Anyway, I like Mnemnosyne’s “third option” of letting the peaceniks get smashed, THEN smash the purifiers. Only problem is if there are the kids in the village. They shouldn’t get slaughtered because their parents were tools.
That was the obvious conclusion to be drawn, but I didn’t bother pointing it out; it would just have led to a long public lecture in church. Also, this particular minister publicly and shamelessly decried the use of logic. He’d EXPLICITLY say that logical thinking was the tool of the devil.
I don’t get the problem either, but from a different direction. He’s already promised to not kill someone unless he has to. That means that he is already going to try to do what they ask, unless he just can’t.

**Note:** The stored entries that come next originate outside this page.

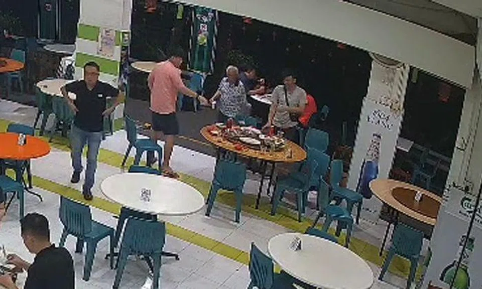 In CCTV footage shared with Stomp, the diners can be seen jolting at the cockroach's appearance, with one of them getting up from his seat.
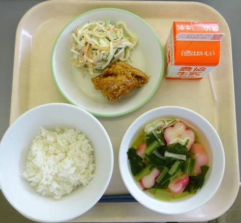 麦ごはん、鶏肉のごまからめ、いかくんサラダ、
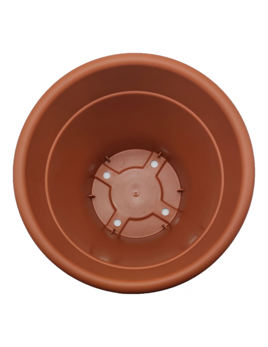 Maceta de plástico redonda marrón, 24,5 cm, 23 litros, modelo Mediterránea para plantas y flores con orificios inferiores, recipiente, macetero, jardín exterior, terraza, balcón e interior del hogar
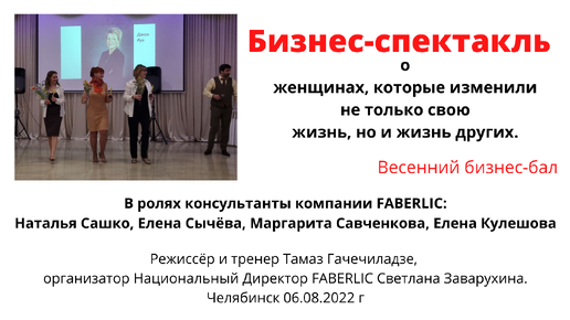 Бизнес-спектакль о женщинах, которые изменили свою жизнь и жизнь других. В ролях консультанты #faberlic
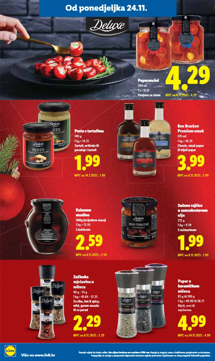 ǭàȕȡǼDzĊȝǿȋ¨ǼǿǼàǿóú¨ÏDzėDzȎǿ½Dzı ]Ċ¨ǿȋ¨ȕ¨ǿėȝDzę¨ȕ¨óȡȡ¨ȡȝǿȔDzóǭǞtƖàȔı ;ȡȜȕȋDzȋ¨Ȕà¸ȡDzóDzȔàȡÏàȎǿ ǿȕDzȔDzȜȝǿȔȋ¨ȝ¨ȕǿȔėDzÏȡDzȕóúĊàı %àúà¸ȝDz³ǿȋ¨ȕ¨ȔàȝDzȋȡȡȜàúȜȡȕàóúǿàǼ¸àĊDzȝDzúǿóúĊDzȝȕàȔǿė¸Ȏ¨ǼȡȜȝàǿėĊàǼDzıǢóȜȝǿ DzĊDzȔàó¨ėà¸Ȕà¸ȡǿ½úǿóÏDzȝóÏǿ½Ȝà¸ȝ¨õDzÏDzı Više na www.lidl.hr T=©© MPC na 24.11.2025.: 4.99 Papar u ϨïØÀ ÏàØ mlincu 85 g ili 100 g 1 kg = 49.90 ili 58.71 Bijeli, crni ili mješavina Q=©© MPC na 6.11.2025.: 1.99 ]ÿõ¨Ù¨ïÌ À¨ ÿóÿÙàÏï¨úàĊàØ ulju 212 g 1 kg = 9.39 ]ïÿęØïÀÙàØ R=¢© MPC na 6.11.2025.: 2.29 ÀÙóÏ mješavina u mlincu 40 g - 55 g 1 kg = 41.64 - 57.25 ïÀÿݽàúļóìÀĒİ ċÀÒ¤İ¸ïØØóÒ ÀÒÀėì¨ï¤ S=©© MPC na 6.11.2025.: 3.99 Ben Bracken Premium umak 245 ml 1 kg = 16.29 ÒóóÀİóú¨Ïììï ÀÒÀĄ̀ÒÀììï À Q=©© MPC na 14.7.2025.: 1.99 V¨óúàóúïúÿμØ 140 g 1 kg = 14.21 dïúÿμİïúÀ àϨÀÒÀ ìï¤ÌėÀúïúÿμ 1 k d ì R=¥© MPC na 6.11.2025.: 2.59 ;ÒØàÙ ØóÒÀÙ¨ Ǝƌƌ¸ŽàĄ̀¦¨Ù¨Øó¨ž 1 kg = 12.95 ]ÏàõúÀàØ V¨ì¨ïàÙÀÙÀ 284 ml 1 l = 15.11 VÿŲ̀٨óóÀïàØ T=¢© MPC na 6.11.2025.: 4.29 Od ponedjeljka 24.11.

And the villagers are right. At those power levels, there is no reason he can’t deal with them without killing them. If he really is going to keep his word about not killing someone he doesn’t have to, then he is not going to wind up killing anyone.
At the very least, he is not going to be killing anyone on purpose, so there is no conflict in the pacifists’ morality and his.
If, for some reason, they are stupid and blame themselves for the guy’s accidental actions–and I’d hate to be around these guys when someone has an accident–then it’s their morality and they have to deal with that blame themselves.
In no way should our superhero intentionally kill these people or intentionally let them die, as then he’s failed to live up to his own stated morality, as he killed them when he didn’t have to.
I find the whole ‘saved’ and ‘unsaved’ thing somewhat strange and open to abuse. I recall reading a book about The Troubles in Northern Ireland, the author interviewed an imprisoned Loyalist terrorist leader who stated that he had been ‘saved’ in his teenage years and as such he was already guarented a place in heaven as his status as a saved person could not be removed. Therefore he could do whatever he wanted without incurring sin, when asked if this included murder he just smirked.
I guess people can rationalise anything.
What is he going to do to stop the Purifiers without letting any of the villagers be harmed? Genuine non-snarky question.